For learning purpose I want to develop a database where I can store log lines with their LogType and Log generation time. Where I have to answer below query:
Find loglines by LogType between date range.
I Model my database as 2 column families: 1) Log
create column family log with comparator = 'UTF8Type'
and key_validation_class = 'LexicalUUIDType'
and column_metadata=[{column_name: block, validation_class: UTF8Type}];
where I'm planning to store log lines with their logid's
ex: set log['7561a442-24e2-11df-8924-001ff3591711'][blocks]='someText|11-17-2011 23:40:42|sometext';
2)
create column family ltype with column_type = 'Super'
and comparator = 'TimeUUIDType'
and subcomparator = 'UTF8Type'
and column_metadata=[{column_name: id, validation_class: LexicalUUIDType}];
In this column family I will store the log type along with time and the log line id from log column family:
ex: set ltype[ltype1][12307245916538][id]='7561a442-24e2-11df-8924-001ff3591711';
I want to get the results when given type of Log and date range.

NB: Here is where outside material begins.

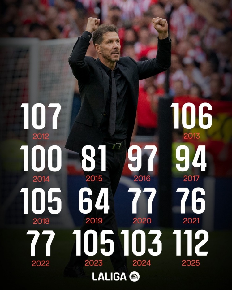 12月26日讯 西甲官方晒出西蒙尼执教以来马竞历年的进球数量,并列出榜单,今年打进112球最多。
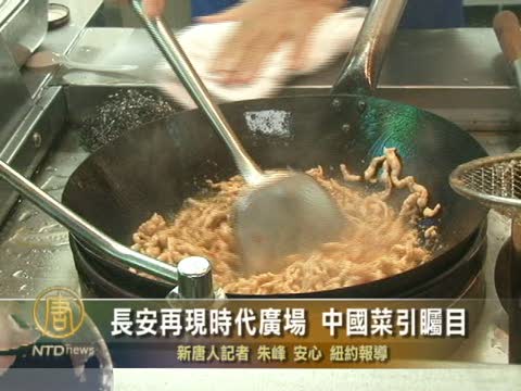 四面被五光十色的電子屏幕環繞的紐約時代廣場突然出現仿唐建筑的廚車、敦煌圖案的涼傘,甚至連盛菜的小轎也是仿古設計,連服務生都身著特別設計的古式服裝,無論是西方人還是華人都感到這是難得的中國文化盛宴,今天的貴賓席一時間一票難求。

Can someone guide me how to run a range query on super column family?
Upvotes: 5
Views: 5264
Reputation: 1908
An article on time series data modelling in Cassandra:
http://rubyscale.com/2011/basic-time-series-with-cassandra/
For time series, you really want to do larger rows - probably in the neighborhood of 10k-50k columns per row as a starting point (depending on your load). You can avoid super columns completely if you make the key a function of the a "date bucket":
[datetime]_[5 second interval] (granularity again depending on load)
This way your keys can be re-created, and you are just issuing a multi_get with the keys for the buckets you want.
A more general overview of data modeling:
http://www.datastax.com/docs/0.8/ddl/index
Upvotes: 6